= Franz Gruber (tenor) =

German operatic tenor

Franz Gruber was a German operatic tenor who had an active career in his native country and in Austria during the first half of the 20th century.

==Professional career==
Born in Munich, Gruber initially trained as an actor before making his opera debut in his native city in 1900. From 1901 to 1902, he worked at the Thalia-Theater in Saarbrücken. By that time, he had already begun studies as a singer, partly with his father. In 1902, he made his debut in the Stadttheater Regensburg and already in 1903, he was offered a position at the Staatstheater am Gärtnerplatz in Munich, where he achieved success primarily as an operetta singer.

Gruber continued his singing studies, and in 1915 he was engaged at the National Theatre Munich, where he made his debut as Manrico in Verdi's Il Trovatore. On 28 March 1916, he sang in the double-bill world premiere performances of Korngold's Violanta (in the role of Alfonso) and Der Ring des Polykrates (in the role of Florian). Further roles in this theater included Hoffmann in Offenbach's The Tales of Hoffmann, Don José in |Bizet's Carmen and Pedro in Albert's Tiefland. In 1918, he sang in the world premiere performance of Paul Graener's opera Theofano.

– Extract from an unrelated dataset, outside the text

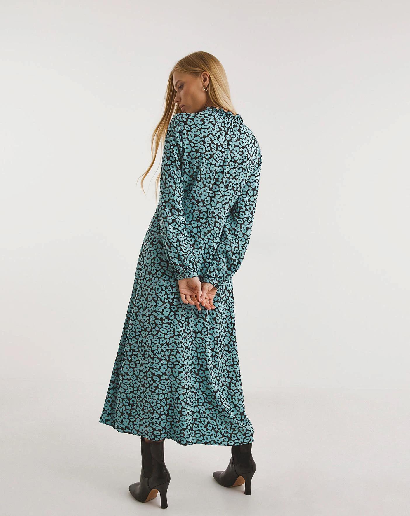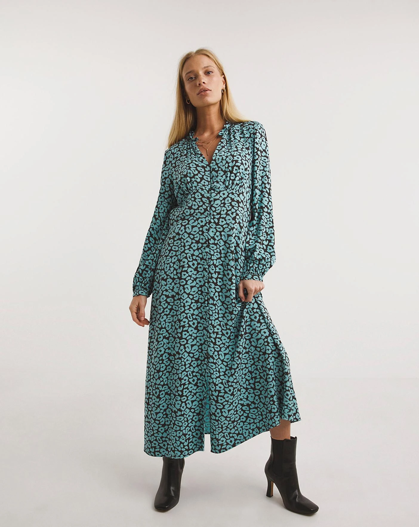 Crafted from responsible viscose, this dress is a regular fit midi dress accented with frill detail around the collar with buttons down front. Featuring a leopard print, boldly printed by hand.

In 1921, Gruber moved to the Landestheater Dessau, where he started singing Heldentenor roles like Lohengrin, Siegmund, Siegfried, and also the Emperor in Strauss' Die Frau ohne Schatten. From 1924 to 1926, he worked at the Staatsoper Hannover, and he finished his professional career at the Stadttheater in Nuremberg, where he was active from 1926 till 1932. During this period, he also made guest appearances at the Vienna State Opera and at several major German opera houses.